Voltado à regularização da interligação de imóveis à rede pública de esgotamento sanitário, o mutirão mobilizou esforços institucionais e parceiros estratégicos para promover soluções rápidas, efetivas e socialmente responsáveis. Ao todo, foram pautados 552 procedimentos, com a realização de 299 audiências e a formalização de 271 acordos, números que evidenciam a alta adesão da população ao modelo conciliatório.

A atuação integrada do Judiciário com órgãos parceiros tem sido determinante para o sucesso da iniciativa, que alia eficiência processual à promoção da sustentabilidade urbana. A estratégia adotada contribui não apenas para a regularização ambiental, mas também para a redução da litigiosidade e o fortalecimento da cultura da autocomposição.

Os bairros Boa Esperança, Jardim das Américas, Quilombo e Santa Rosa estiveram entre os contemplados nesta edição, além de casos remanescentes de mutirões anteriores. A abrangência das ações demonstra o compromisso do TJMT com a continuidade e a ampliação do alcance social do projeto.

Mais do que números expressivos, os resultados refletem o amadurecimento institucional de uma política pública que coloca o cidadão no centro da solução. O projeto Interligue Já se consolida, assim, como ferramenta permanente de transformação urbana, promovendo melhorias concretas na qualidade ambiental e na vida da população cuiabana.

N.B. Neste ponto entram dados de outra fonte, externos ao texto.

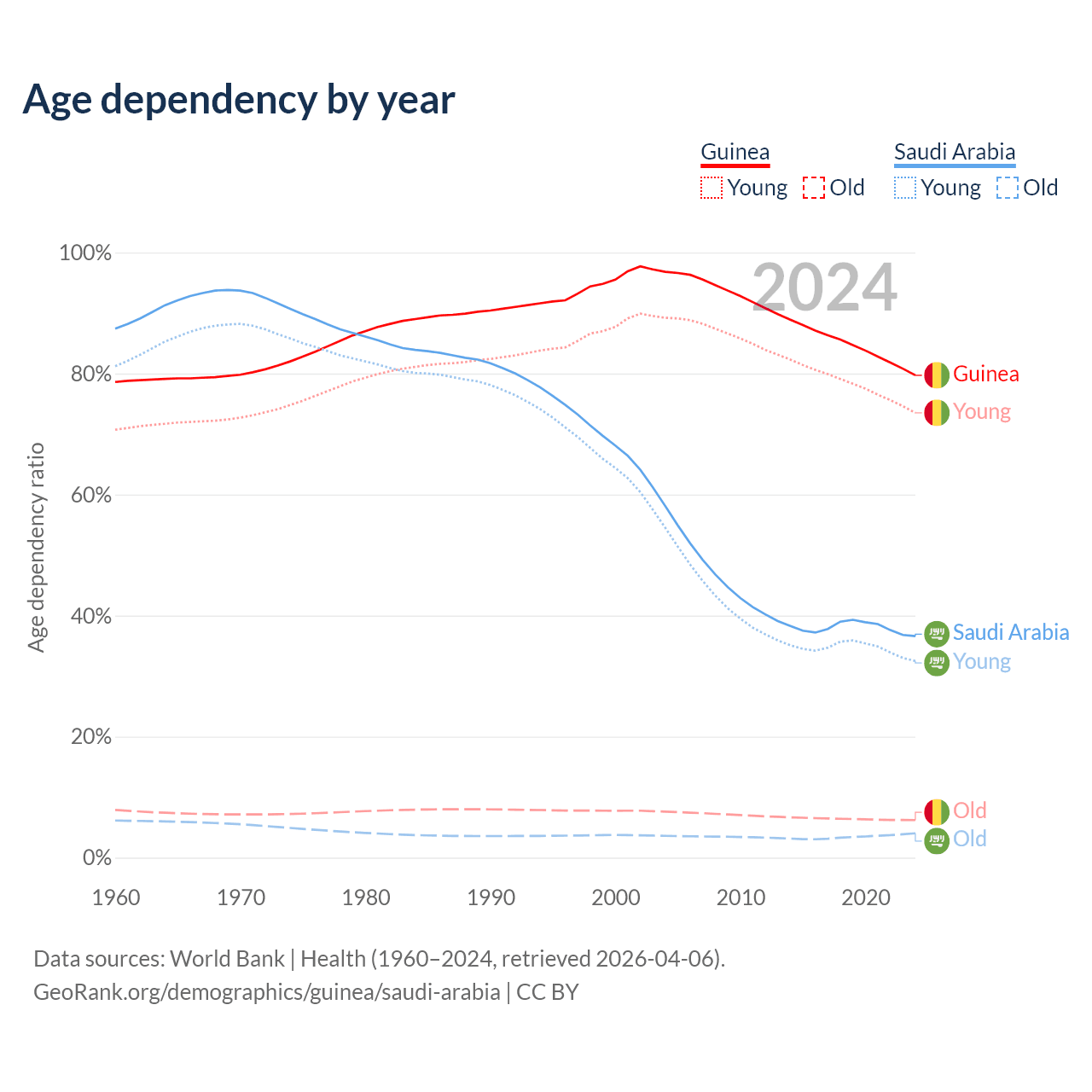 - Guinea is ranked 176/196 by median age (oldest to youngest) vs 98/196 for Saudi Arabia.
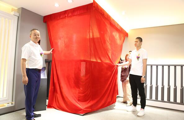 ▲黃總與經(jīng)銷商家人共同揭幕衛(wèi)朗鋁藝新品“恒元”
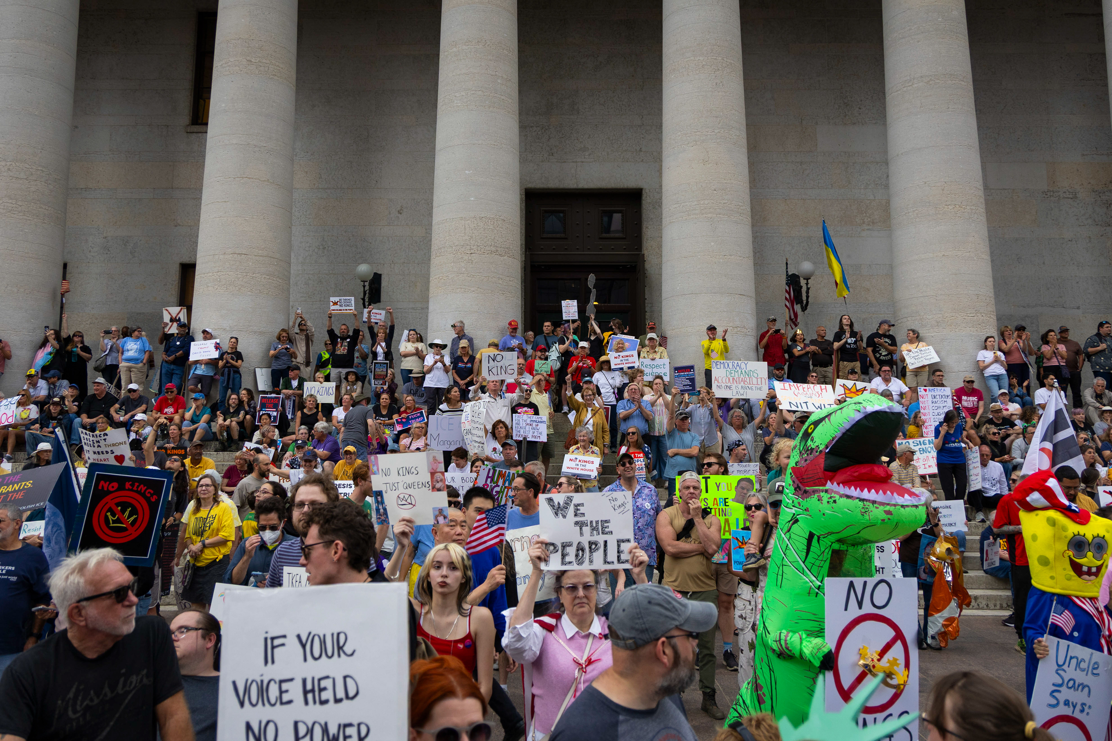 Officers of the Columbus Police Department observe the crowds as they progress down High Street on Saturday, June 14, 2025 in Columbus, Ohio.
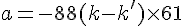 Si on pose l'équation on trouve , en par suite et donc , avec k'' qui parcourt . Maintenant si on fait le calcul on voit que quand on parle de a on parle en fait de -88 et -27 et 34 et 95 etc ce qui s'exprime par a est congru à -88 modulo 61 et a est congru à -27 modulo 61 et a est congru à 34 modulo 61 et a est congru à 95 modulo 61 etc.
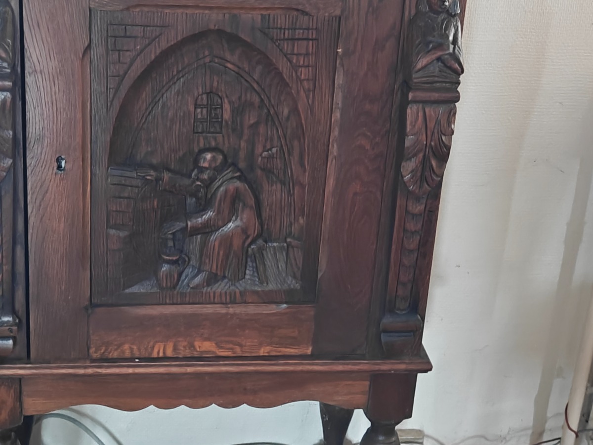 Skab m/udskæringer. Mål: H: 105 cm. B: 60 cm. D: 35 cm. Effekter på skab medfølger ikke.
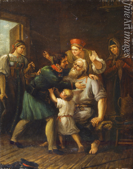 Familie, Soldaten, Krieger, Kriegsgreuel, Kriegsopfer, Kriegsleiden, Leiden, Heim, Militärdienst, Russische Armee, Soldat, Rückkehr, Heimkehr, Sarafan, Kokoschnik, Russische Kleidung, Kopfbedeckung

A continuidade das ações já está assegurada ao longo de 2026, com novas edições previstas para os meses de junho, setembro e dezembro. A programação reforça o caráter estruturante da iniciativa e o compromisso do Judiciário mato-grossense com uma atuação cada vez mais inovadora, resolutiva e alinhada às demandas contemporâneas da sociedade.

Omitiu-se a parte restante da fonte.